> **Task objective**
Note the line containing "Dimensions are stackable"; from it through the last line below, give only those lines again, exactly, both ends included, skipping pictures.
:: Recorded information ::
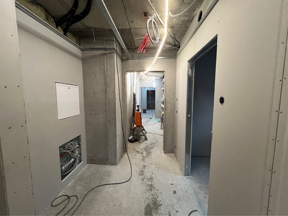 Byhusene har nådd milepelen med tett bygg og vi starter nå med ytterveggene på bygg B. Målet her er tett bygg i mai.
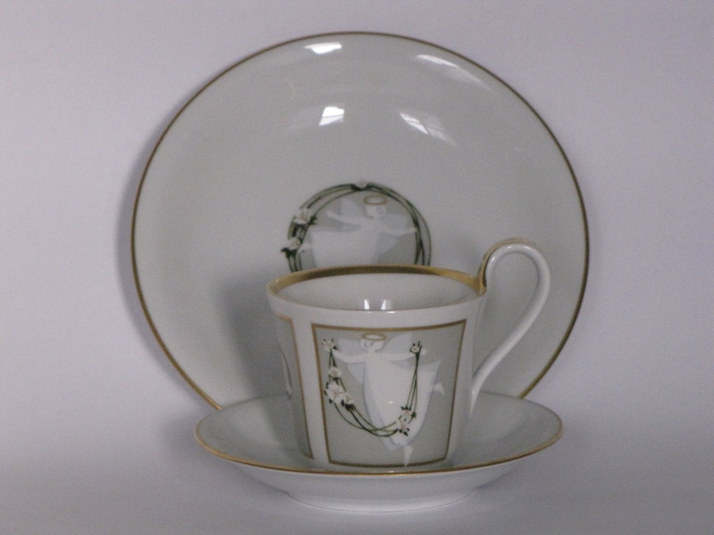 Description: Weihnacht Tasse mit hohem Henkel und Unterteller sowie teller von Royal Copenhagen. Design Jette Fröhlich 2006. 1. Wahl. Der Preis gilt für alle 3 Teile.
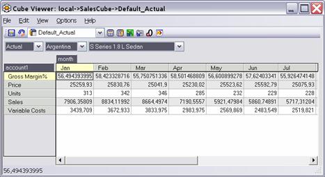 Dimensions are stackable in the Cube Viewer. Press now F9. Now values should be written in the grid. Arrange the dimensions in the following order:
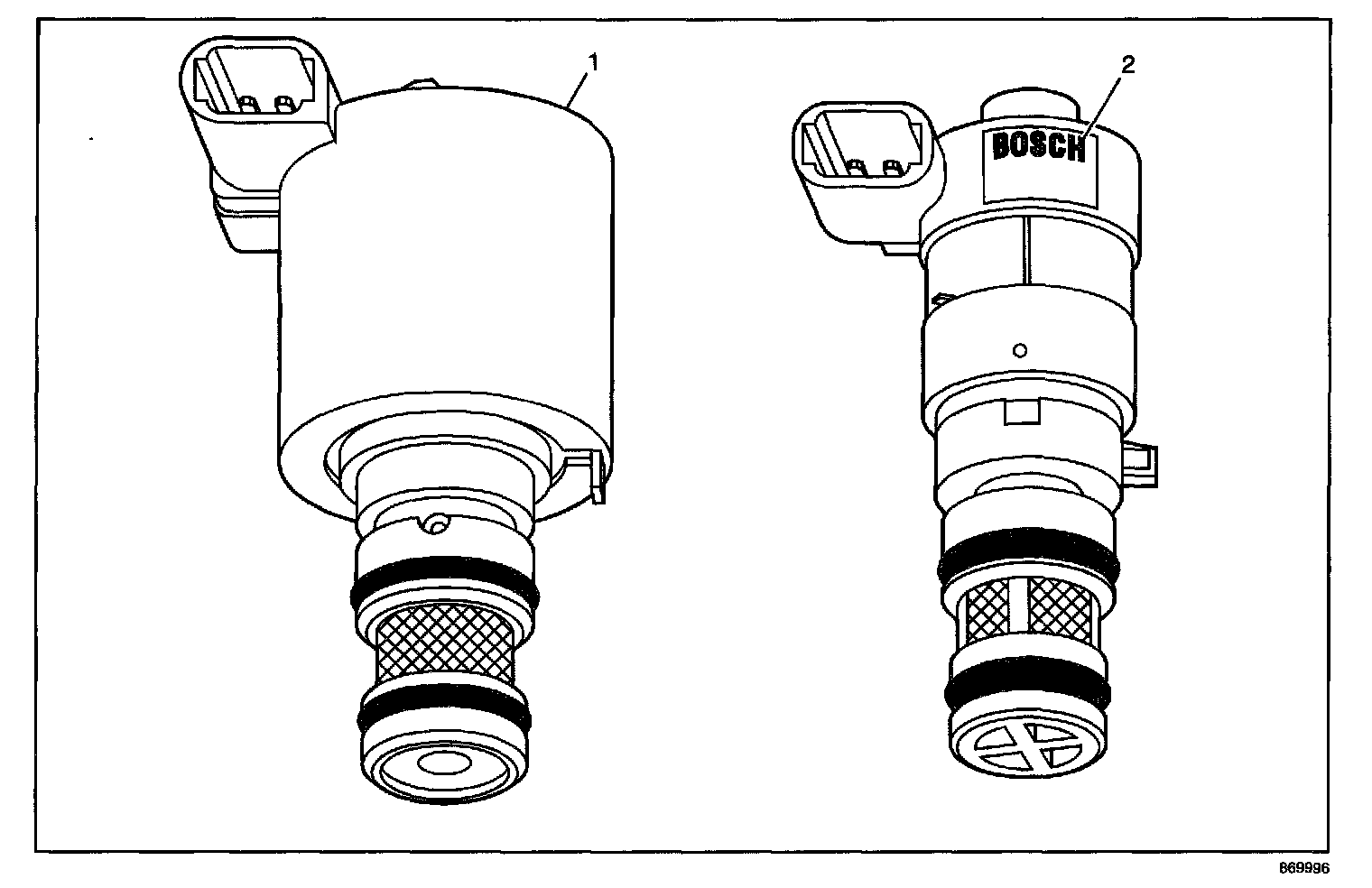 While the physical dimensions will allow usage of the new solenoid in past model transaxles or usage of the old solenoid in 2003 model transaxles, they should not be interchanged. Interchanging of the pressure control solenoids will result in improper shift characteristics, customer dissatisfaction, and needed repeat repairs.
:::
> **The completed task**
 Dimensions are stackable in the Cube Viewer. Press now F9. Now values should be written in the grid. Arrange the dimensions in the following order:
 While the physical dimensions will allow usage of the new solenoid in past model transaxles or usage of the old solenoid in 2003 model transaxles, they should not be interchanged. Interchanging of the pressure control solenoids will result in improper shift characteristics, customer dissatisfaction, and needed repeat repairs.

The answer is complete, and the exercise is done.